DATA EXTRACTS –
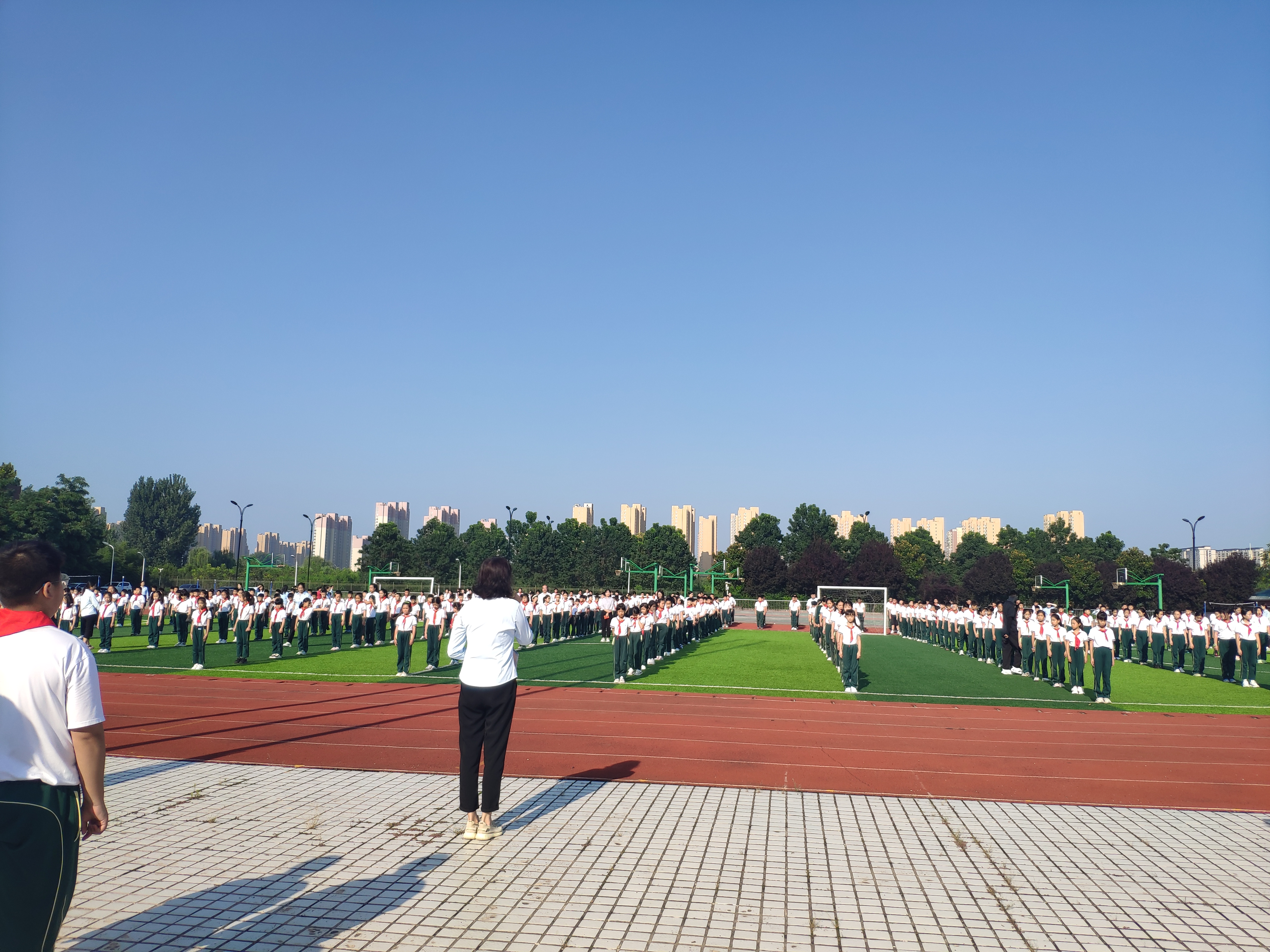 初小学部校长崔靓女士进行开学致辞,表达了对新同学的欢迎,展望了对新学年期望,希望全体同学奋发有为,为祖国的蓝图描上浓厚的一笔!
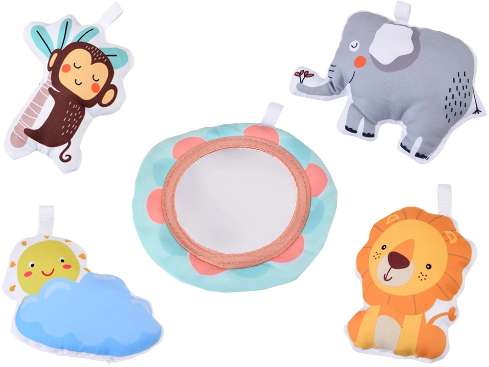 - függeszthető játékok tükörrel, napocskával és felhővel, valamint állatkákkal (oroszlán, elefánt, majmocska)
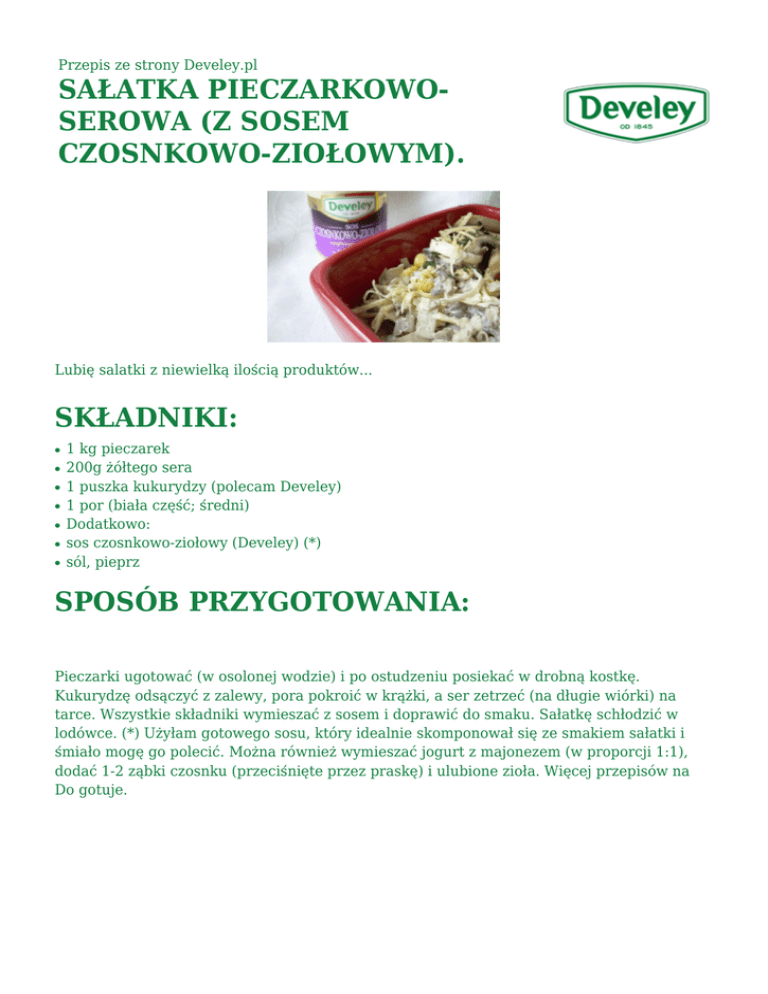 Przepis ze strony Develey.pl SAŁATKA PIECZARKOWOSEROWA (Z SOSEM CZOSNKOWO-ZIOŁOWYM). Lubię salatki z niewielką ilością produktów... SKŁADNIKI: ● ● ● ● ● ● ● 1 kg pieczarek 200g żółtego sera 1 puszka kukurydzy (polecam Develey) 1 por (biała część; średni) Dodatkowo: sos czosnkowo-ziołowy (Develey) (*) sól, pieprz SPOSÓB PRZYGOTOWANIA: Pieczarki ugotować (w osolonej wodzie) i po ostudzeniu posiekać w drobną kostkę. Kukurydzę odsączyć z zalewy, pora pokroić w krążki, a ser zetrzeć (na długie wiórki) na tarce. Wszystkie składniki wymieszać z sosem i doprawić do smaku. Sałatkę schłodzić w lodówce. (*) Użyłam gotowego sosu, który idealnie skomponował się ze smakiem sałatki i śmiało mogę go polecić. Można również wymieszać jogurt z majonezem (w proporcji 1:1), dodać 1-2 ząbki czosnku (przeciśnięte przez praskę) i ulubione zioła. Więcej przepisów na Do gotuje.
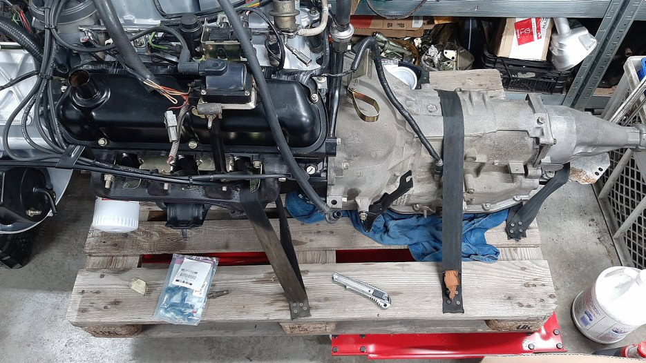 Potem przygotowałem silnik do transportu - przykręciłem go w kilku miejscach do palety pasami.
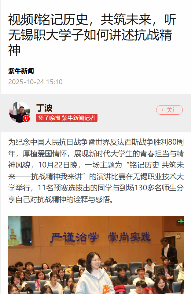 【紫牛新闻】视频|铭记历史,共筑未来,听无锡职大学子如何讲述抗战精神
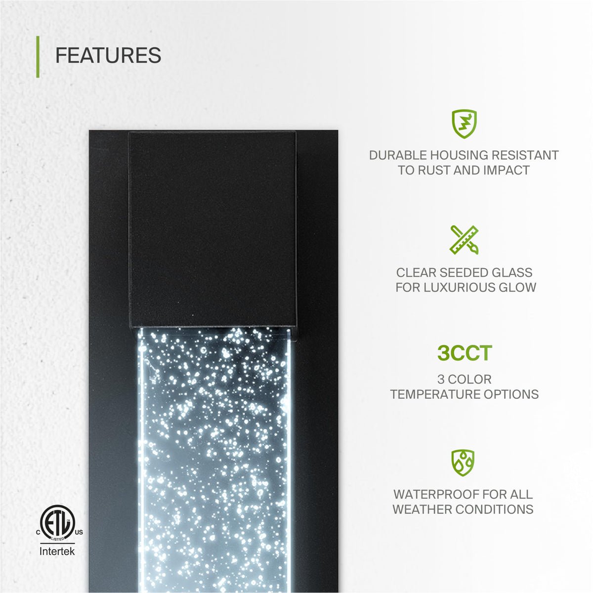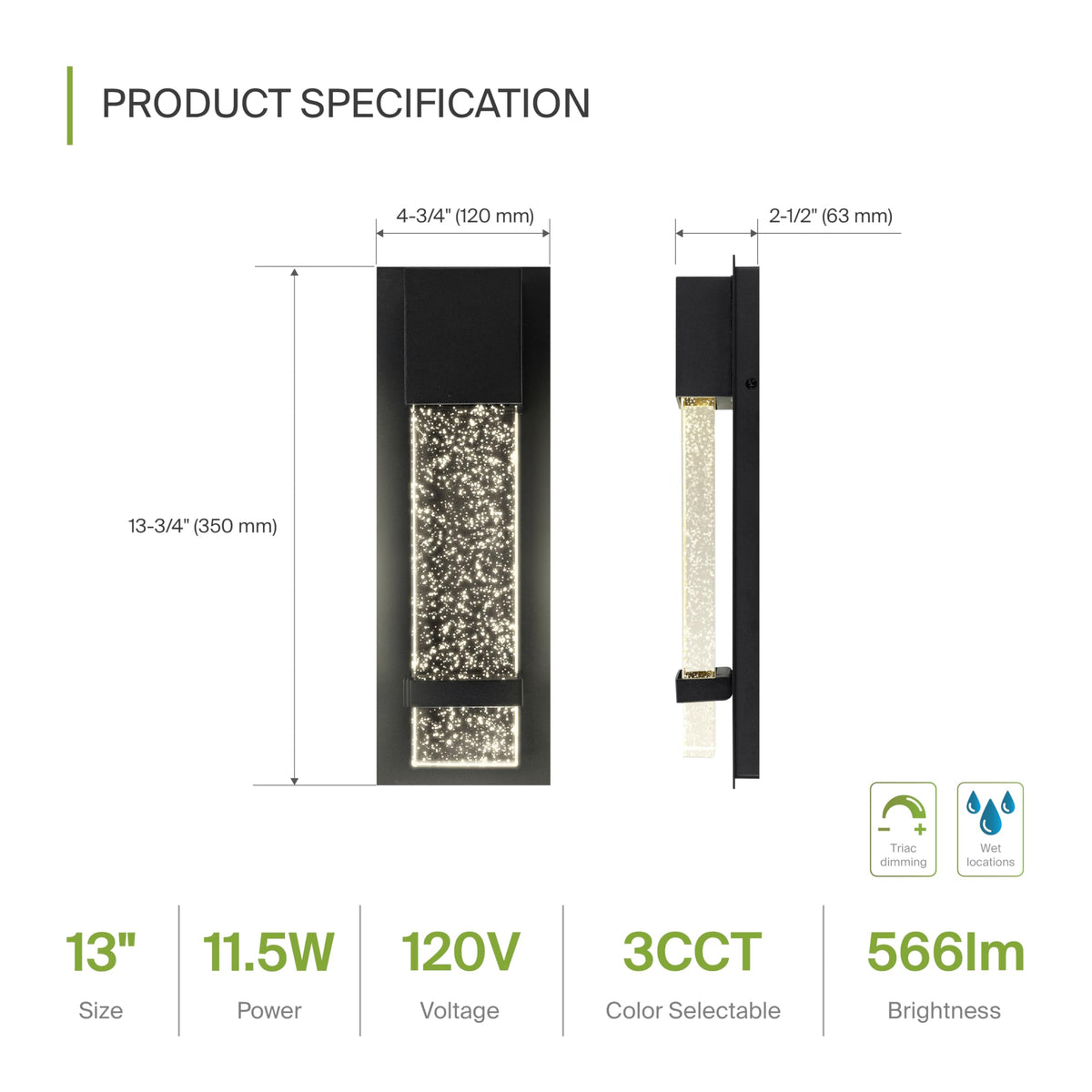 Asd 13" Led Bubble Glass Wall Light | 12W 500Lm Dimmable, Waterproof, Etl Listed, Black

PROBLEM STATEMENT – In the copy, include no pictures; otherwise transcribe the entries exactly.

EXERCISE OUTPUT –
 初小学部校长崔靓女士进行开学致辞,表达了对新同学的欢迎,展望了对新学年期望,希望全体同学奋发有为,为祖国的蓝图描上浓厚的一笔!
 - függeszthető játékok tükörrel, napocskával és felhővel, valamint állatkákkal (oroszlán, elefánt, majmocska)
 Przepis ze strony Develey.pl SAŁATKA PIECZARKOWOSEROWA (Z SOSEM CZOSNKOWO-ZIOŁOWYM). Lubię salatki z niewielką ilością produktów... SKŁADNIKI: ● ● ● ● ● ● ● 1 kg pieczarek 200g żółtego sera 1 puszka kukurydzy (polecam Develey) 1 por (biała część; średni) Dodatkowo: sos czosnkowo-ziołowy (Develey) (*) sól, pieprz SPOSÓB PRZYGOTOWANIA: Pieczarki ugotować (w osolonej wodzie) i po ostudzeniu posiekać w drobną kostkę. Kukurydzę odsączyć z zalewy, pora pokroić w krążki, a ser zetrzeć (na długie wiórki) na tarce. Wszystkie składniki wymieszać z sosem i doprawić do smaku. Sałatkę schłodzić w lodówce. (*) Użyłam gotowego sosu, który idealnie skomponował się ze smakiem sałatki i śmiało mogę go polecić. Można również wymieszać jogurt z majonezem (w proporcji 1:1), dodać 1-2 ząbki czosnku (przeciśnięte przez praskę) i ulubione zioła. Więcej przepisów na Do gotuje.
 Potem przygotowałem silnik do transportu - przykręciłem go w kilku miejscach do palety pasami.
 【紫牛新闻】视频|铭记历史,共筑未来,听无锡职大学子如何讲述抗战精神
 Asd 13" Led Bubble Glass Wall Light | 12W 500Lm Dimmable, Waterproof, Etl Listed, Black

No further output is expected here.